The European Medicines Agency (EMA) will announce its conclusion on extending the use of Pfizer to children between the ages of 5 and 11 “by the end of next week”, while urging to expand vaccination in countries with low coverage and to offer the booster dose to those who need it.
Marco Cavaleri, the head of Vaccination Strategy, has regretted that “there is still a large proportion of unvaccinated people” in the European Union, including those over 50 years of age, and has warned that “they are the ones most at risk”, although he recalled that there are already “an excessive number” of serious cases, hospitalizations and admissions to the ICU “especially among those not vaccinated.”
He recalled that “there is no 100% effective vaccine, and vaccines (available) are very effective in protecting us against serious disease”, but if many people get infected, “a few, including vaccinated, will end up in the hospital” .
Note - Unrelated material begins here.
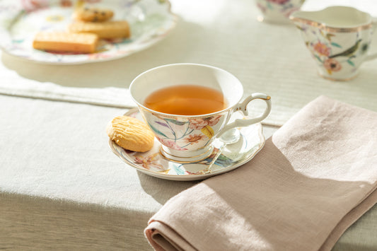 Spring Flowers with Hummingbird Fine Porcelain Tea Cup and Saucer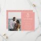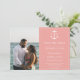 Detta nautiska monogram-fotots spara-datum-meddelande kommer med en enkel textdesign, ett enkelt nautiskt ankare för brudens och brudgummens monogram i en modern ram som väntar på din foto och dina bröllopsdetaljer för att anpassa. Ytterligare färger tillgängliga med denna design. Bra för par som kommer att ha ett maritimt tema bröllop.

“As we approach winter, we see the rise in infections and hospitalizations in almost all Member States. And most of the patients in intensive care are not vaccinated. We underline the need to get vaccinated and, for those eligible, to receive one. booster doses, “Cavaleri warned.
He stressed that it is “vital” to expand vaccination coverage, especially in those countries where the percentage of injections is “considerably low.”
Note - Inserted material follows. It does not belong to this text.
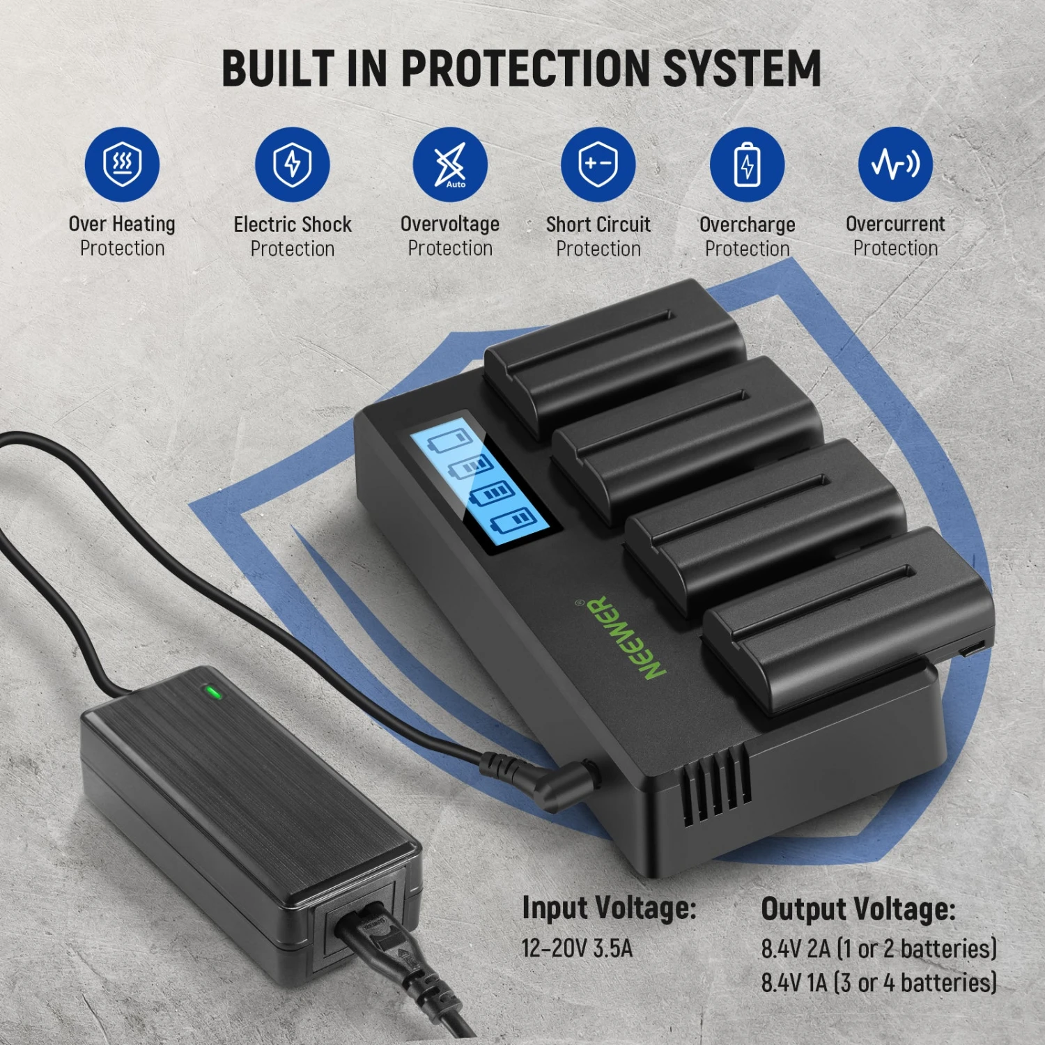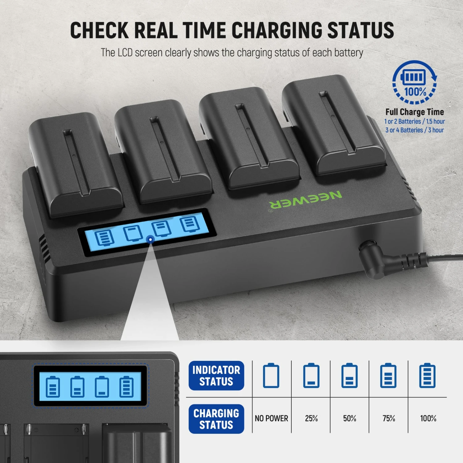 - Wide Compatibility– NP-F550 batteries power any device with an NP-F battery plate, including camcorders and video cameras, Neewer field monitors, ring lights, and LED video lights. The charger fits NP-F550, 570, 750, 770, 960, 970, 975, and other NP-F batteries

Cavaleri explained that “the booster doses will play an important part in the vaccination strategy” and recalled that the Committee for Human Medicines (CHMP) considered that a third dose of Pfizer or Moderna could be administered in those over 18 years at least six months after the second.
The EMA is also studying the need for booster doses for AstraZeneca and Janssen, but “it is still premature to confirm whether the available data are sufficient to support a recommendation” in this regard.
The agency expects to conclude “by the end of November” its analysis of the “mix & match” strategy, the combination of different vaccines, although, Cavaleri noted, “some academic studies that have been published support this strategy from a standpoint. immunological and a protection perspective in real life “.
The EMA is also trying to speed up its analysis of possible treatments. Your executive director, Emer Cooke, has asked the CHMP to “advise” countries on the possible emergency use at national levels of the pill developed by Pfizer and which, according to the pharmaceutical company, reduces the risk of death from covid-19 for those infected by almost 90% with comorbidities. That analysis process will begin tomorrow.
The CHMP is already reviewing the data for the antiviral molnupiravir to “provide recommendations” to help national authorities decide on its possible use early, for example in emergency settings, before authorization.